Jesus’ Great Commandment and Classical Christian Education (Monday Musings)

It’s been several years now since I wrote something in a series that I called “Monday Musings,” but as I begin my new role as Head of School at Sager Classical Academy and work through other thoughts I’ve had about classical Christian education for a while, it seemed like a good time to break it back out. The idea is that I muse upon some idea on a Monday in a half-formed fashion that invites discussion and readers’ own ideas as much as (or more than) I provide any conclusive thoughts.

Today’s musing is something I’ve been thinking about lately. First, I am convinced that the primary way we should conceive of and discuss classical Christian education, especially in comparison to other educational options, is to begin with its telos (end/purpose) rather than its method. The method of classical Christian education is important and worth discussion, but only, I believe, after we have established what we are aiming at with the methods. A full discussion of these ends will have to wait for another musing, but one thing I’ve become more and more convinced of is that the telos of classical Christian education, if it is going to be distinctly Christian, must match the telos of Christian discipleship.

For years, I have spent time in ministry settings telling students that the core of the Christian life is found in the Great Commission (Matt 28) and Great Commandment (Matt 22).
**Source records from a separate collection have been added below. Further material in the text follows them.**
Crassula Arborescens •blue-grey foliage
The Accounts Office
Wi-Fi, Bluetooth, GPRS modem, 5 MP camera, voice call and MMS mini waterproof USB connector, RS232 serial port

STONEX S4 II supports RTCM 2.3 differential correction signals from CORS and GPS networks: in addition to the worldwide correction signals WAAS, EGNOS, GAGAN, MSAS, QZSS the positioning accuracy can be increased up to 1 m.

As I reflected lately on the Great Commandment (to love the Lord our God with all our heart, soul, mind, and strength, and to love our neighbor as ourselves), I was struck by several points of overlap between Jesus’ four categories (heart, soul, mind, and strength) and many of the goals of classical Christian education.

Heart: Classical Christian education aims at forming and rightly ordering our loves, teaching us live good lives.
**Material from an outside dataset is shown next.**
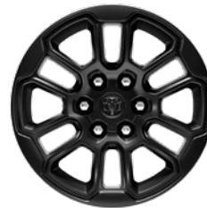
18-Inch mid-gloss black painted aluminium

Soul: Classical Christian education draws our hearts towards God, to love Him, know Him, glorify Him, and enjoy Him, and to live this out in lives of virtue.

Mind: Classical Christian education aims to shape in each person the mind of Christ (e.g., Phil 2), to become wise persons. The liberating arts, as Hugh of St. Victor once said, “[…] intend, namely, to restore within us the divine likeness, a likeness which to us is a form but to God is his nature. The more we are conformed to the divine nature, the more do we possess Wisdom, for then there begins to shine forth again in us what has forever existed in the divine Idea or Pattern coming and going in us but standing changeless in God.”[1]

Strength: Classical Christian education aims to educate the whole person, soul AND body, and therefore values embodied learning that brings all a person under the Lordship of Christ to do His will.

As I said, Monday Musings are only a start, so I value your feedback, questions, and comments as I think on this topic and hope to develop it further in the future.


[1]Hugh of Saint Victor, The Didascalicon of Hugh of Saint Victor: A Medieval Guide to the Arts, trans. Jerome Taylor (New York: Columbia University Press, 1991), 61.